Quando o beijo encaixou
- Jimi Aislan
- 23 de out. de 2018
- 2 min de leitura

Estava à espera do beijo que encaixasse.
Nunca contabilizei as mulheres por quem passei, mas os beijos encaixados, esses sim. E tinha sido apenas um. Num distante agosto chuvoso no ensino médio. E agora ela estava parada ali em minha frente, molhada do caminho chuvoso e segurando as chaves para entrar no apartamento. Meus olhos encontraram os dela e confluíram. Mas não teve beijo de imediato. Houve um silêncio entre dois suspiros. Ainda de olhos abertos e os semblantes embaralhados, o beijo foi adiado como quem puxa a respiração se preparando para ficar muito tempo embaixo d’água.
Por fim o mergulho.
Não bastou encostar os lábios e esperar ouvir os sinos. Não. Aquele beijo tinha urgência em ser o comum de dois mundos. Depois daquele encaixe, tudo mais parecia sempre ter estado ali. A gravidade diminuía e o tempo se dificultava em passar. Quantas vezes o tempo parou durante um beijo? Não lembro e isso era algo a nunca ser esquecido. Se eu tivesse sido mais sincero nas relações teria feito o tempo desacelerar e elas durariam mais que três meses? Tentei trazer na memória de onde vinha aquela média, mas de repente fui puxado. As mãos se multiplicaram na pressa de fazer o outro entender tudo o que as bocas não perdiam tempo em falar. E puxavam a cintura, e emaranhavam os cabelos, e se esticavam da nuca ao ouvido, e encontravam as mãos, e, por fim, eram esquecidas e relembradas cada vez que se respirava.
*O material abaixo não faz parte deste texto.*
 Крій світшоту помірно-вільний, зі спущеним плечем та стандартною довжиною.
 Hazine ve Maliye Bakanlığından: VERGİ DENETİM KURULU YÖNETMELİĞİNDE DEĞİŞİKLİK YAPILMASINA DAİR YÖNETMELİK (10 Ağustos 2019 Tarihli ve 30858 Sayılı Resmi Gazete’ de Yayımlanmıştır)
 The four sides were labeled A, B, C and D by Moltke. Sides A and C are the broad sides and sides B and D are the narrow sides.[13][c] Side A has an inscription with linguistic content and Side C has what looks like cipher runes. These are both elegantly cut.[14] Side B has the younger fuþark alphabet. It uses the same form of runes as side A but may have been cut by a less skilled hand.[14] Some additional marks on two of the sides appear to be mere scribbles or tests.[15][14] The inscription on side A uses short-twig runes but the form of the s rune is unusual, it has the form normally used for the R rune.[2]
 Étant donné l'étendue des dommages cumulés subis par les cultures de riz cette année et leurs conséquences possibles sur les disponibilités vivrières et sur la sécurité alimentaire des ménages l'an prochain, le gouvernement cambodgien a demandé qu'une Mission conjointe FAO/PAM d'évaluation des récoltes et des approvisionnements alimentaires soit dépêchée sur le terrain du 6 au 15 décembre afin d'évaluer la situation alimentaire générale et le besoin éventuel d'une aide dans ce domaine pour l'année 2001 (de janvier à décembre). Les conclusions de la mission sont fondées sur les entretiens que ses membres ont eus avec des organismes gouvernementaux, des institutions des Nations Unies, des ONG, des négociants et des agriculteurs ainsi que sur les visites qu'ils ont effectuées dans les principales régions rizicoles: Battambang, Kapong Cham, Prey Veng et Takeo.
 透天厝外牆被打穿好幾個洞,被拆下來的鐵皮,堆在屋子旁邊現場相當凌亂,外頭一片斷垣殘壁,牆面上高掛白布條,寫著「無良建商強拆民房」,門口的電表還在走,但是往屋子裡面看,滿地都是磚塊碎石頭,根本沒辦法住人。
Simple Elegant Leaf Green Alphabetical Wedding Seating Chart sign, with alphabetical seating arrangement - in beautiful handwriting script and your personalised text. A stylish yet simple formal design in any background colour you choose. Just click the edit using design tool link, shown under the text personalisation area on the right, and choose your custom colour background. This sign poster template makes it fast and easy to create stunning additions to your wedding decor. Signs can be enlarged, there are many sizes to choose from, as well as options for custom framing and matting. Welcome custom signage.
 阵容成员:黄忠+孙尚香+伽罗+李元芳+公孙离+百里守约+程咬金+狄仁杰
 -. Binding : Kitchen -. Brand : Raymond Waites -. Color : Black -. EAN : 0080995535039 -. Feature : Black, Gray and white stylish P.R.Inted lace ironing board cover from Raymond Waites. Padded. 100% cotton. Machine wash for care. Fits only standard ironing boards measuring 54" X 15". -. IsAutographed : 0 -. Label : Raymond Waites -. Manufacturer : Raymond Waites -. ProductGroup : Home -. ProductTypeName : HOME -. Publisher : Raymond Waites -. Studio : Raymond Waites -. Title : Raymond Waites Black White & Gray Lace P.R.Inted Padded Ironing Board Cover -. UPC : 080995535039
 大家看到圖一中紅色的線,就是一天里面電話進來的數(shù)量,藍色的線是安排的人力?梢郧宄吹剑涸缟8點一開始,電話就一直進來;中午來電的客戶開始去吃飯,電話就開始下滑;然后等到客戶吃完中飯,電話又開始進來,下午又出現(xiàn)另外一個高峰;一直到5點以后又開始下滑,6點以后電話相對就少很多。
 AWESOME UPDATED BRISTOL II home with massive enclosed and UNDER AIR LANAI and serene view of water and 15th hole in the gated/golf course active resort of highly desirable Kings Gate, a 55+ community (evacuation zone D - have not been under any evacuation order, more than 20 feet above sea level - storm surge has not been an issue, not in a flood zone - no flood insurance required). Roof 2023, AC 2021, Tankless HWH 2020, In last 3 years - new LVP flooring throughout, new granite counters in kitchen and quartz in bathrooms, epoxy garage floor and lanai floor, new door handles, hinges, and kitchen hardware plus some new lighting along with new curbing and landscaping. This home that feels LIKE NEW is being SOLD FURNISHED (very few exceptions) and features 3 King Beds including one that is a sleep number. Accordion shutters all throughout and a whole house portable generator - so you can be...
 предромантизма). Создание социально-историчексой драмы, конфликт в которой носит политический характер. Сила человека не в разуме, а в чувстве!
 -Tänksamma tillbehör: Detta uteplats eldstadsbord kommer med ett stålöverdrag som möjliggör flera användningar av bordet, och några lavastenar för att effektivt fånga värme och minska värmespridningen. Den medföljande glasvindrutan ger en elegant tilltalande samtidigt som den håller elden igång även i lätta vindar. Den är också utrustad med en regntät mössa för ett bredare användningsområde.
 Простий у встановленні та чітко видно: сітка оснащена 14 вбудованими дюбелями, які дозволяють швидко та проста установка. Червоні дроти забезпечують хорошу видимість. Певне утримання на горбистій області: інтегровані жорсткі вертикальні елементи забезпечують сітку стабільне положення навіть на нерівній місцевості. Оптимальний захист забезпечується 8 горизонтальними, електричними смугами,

Havia um gosto atrevido em cada mordida que os lábios ganhavam. Um sabor safado que se ouvia baixinho no tesão mascado entre um gemido e outro que das bocas escapavam. Eu tinha sede. Até então tinham sido beijos semiáridos. Inférteis. E naquele encaixe, já havia tempestade embriagada por línguas que não cessavam. Ora se tocavam, ora deslizavam entre os dentes e os cantos da boca. De repente, numa pausa de vários milissegundos, os lábios se afastaram, os olhos semiabertos, voltou-se o ar aos pulmões, seguido de um novo mergulho para dentro do beijo.
Aquilo nascia em algum lugar entre os desejos guardados e os pensamentos planejados, e se perdia no espaço que era possível fisicamente. Parede virava cama, chão era usado de cadeira, e a única regra era seguir as vontades. Havia música, ou pelo menos eu dançava. Existia cadência nas idas e vindas das mãos, no choque entre os corpos. Tudo parecia acontecer com precisão.
Precisava-se. Ou melhor, permitia-me, como havia muito tempo deixado de lado. Apoderei-me do momento em que todos os sentidos se reuniam e se perdiam. Já havia beijado para impressionar, mas aquilo ali não era teatro, beijava para mim e sabia que isso bastava para que ela recebesse algo maior. E ri. Uma certeza devassa me passou pela cabeça de que um beijo encaixado era prenúncio de reciprocidade no que houvesse pela frente. Quando mais novo, aguardava pelo momento do sexo. Amadureci os sentimentos, apurarei os sentidos e resumi meus pecados. Hoje, esperava por aquele beijo.
Foi então que o beijo encaixou novamente.